I think you put on the invitation that you need 1 adult for every 2 children so could their child have an accompanying adult in the water with them or could the parent make sure another parent going to the party is able to supervise their child. Some may decline but if your kid really wants a pool party then he'll probably be happier with fewer children at the venue of his choice than lots somewhere he doesn't want to go. The other option is just inviting a few children and dragging in family and friends to make up the adults. I'm surprised so many parents are bothered about being seen in their costumes but then I took my kids swimming alot at that age so being in my costume with other adults wasn't a big deal. Alot of the mums had seen me in my costume with the kids at the local pool/ swimming lessons anyway and I didn't care what the mums I didn't know very well thought of my appearance.

notsosuremummy · 01/05/2009 08:13

Roisin,

I was definately thinking I'd make some food for adults as well as kids and put it on the side for them to help themselves. Sandwiches, biscuits, doughnuts or creamcakes and some drink. Like you say, it's only fair if you are asking them to go in the pool. I always feel hungry after a swim.

Inviting siblings isn't an option, unfortunately. We're nearly up to the pool party limit. Although from what others say on here, there's likely to be some drop - outs!

OP posts:
bellavita · 01/05/2009 08:16

My children are a lot older now, but if they had been invited to a swimming party then I would have expected the organisers to provide enough cover for the children in the pool.

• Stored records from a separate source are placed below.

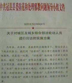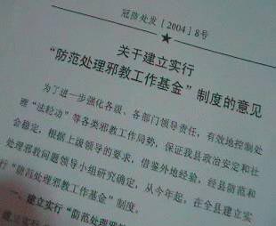 为了加强迫害,冠防处发【2004】8号文件(据鲁“六一零”办发【2003】33号文件《关于涉法轮功问题有关具体政策的意见》),内容是为了迫害法轮功,建立实行“防范处理×教工作基金”制度,要全县给它送钱,赏举报和迫害“有功”人员。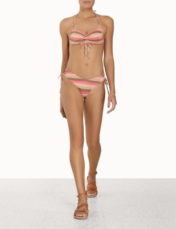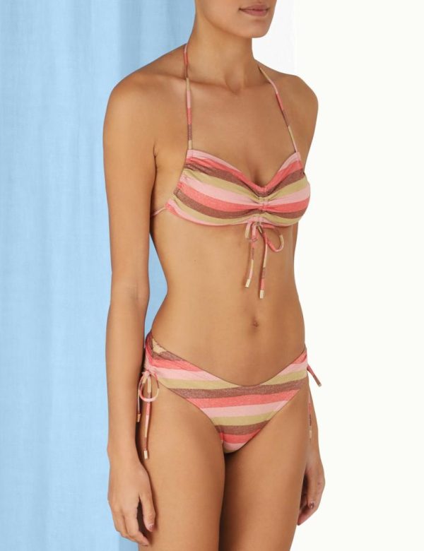The Vacay Lurex Ruched Side Bikini in Lurex Multi Stripe from our Summer Swim 2023 Collection. A halter neck bandeau top and V shaped pants with adjustable ruched details throughout.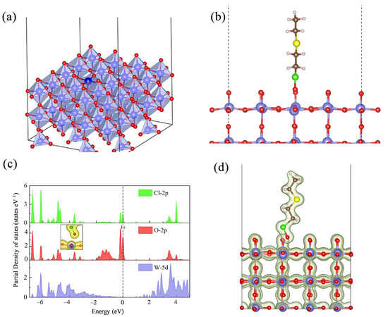 (a) Crystal structures of WO3, (b) models of the adsorbed 2-CEES on WO3, (c) partial density of states, and (d) charge densities of the 2-CEES on WO3. W (purple), O (red), Cl (green), C (brown), H (light pink), and S (yellow).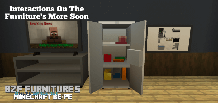 This add-on will diversify your interior by introducing more than 90 variants of different furniture in Minecraft Bedrock ! Both classic and modern furniture will appear in the game. Despite the fact that this is only the first version of the addon, the addon can give you freedom in interior design. Even more furniture will be added in the upcoming updates!

Actually, DS1 did go to a pool party but I think he may of been about 8yrs old but again, the parents doing the party had family helpers.

catwalker · 01/05/2009 08:25

Personally I think 30 kids is way too many for a 5 year old's party. I'd worry that the birthday child would be overwhelmed and not have time to play with most of their guests, and also that other parents would think I was showing off having such a big do. I do think it's unreasonable to ask parents to get in the pool - many will have issues as outlined above. Some of those who do it may feel resentful at being given what sound a bit like an ultimatum - join in or the party won't be able to go ahead. When we had a pool party we kept the numbers reasonable and roped in family/adult friends to get in the water - certainly wouldn't expect parents of the invitees to do it.

DandyLioness · 01/05/2009 08:58

This reply has been deleted

Message withdrawn

solidgoldSneezeLikeApig · 01/05/2009 08:58

I am amazed at what utter wusses some of you are. You are GROWN WOMEN and you won't go in a swimming pool in case someone looks at you funny? How on earth do you manage to leave the house without therapy?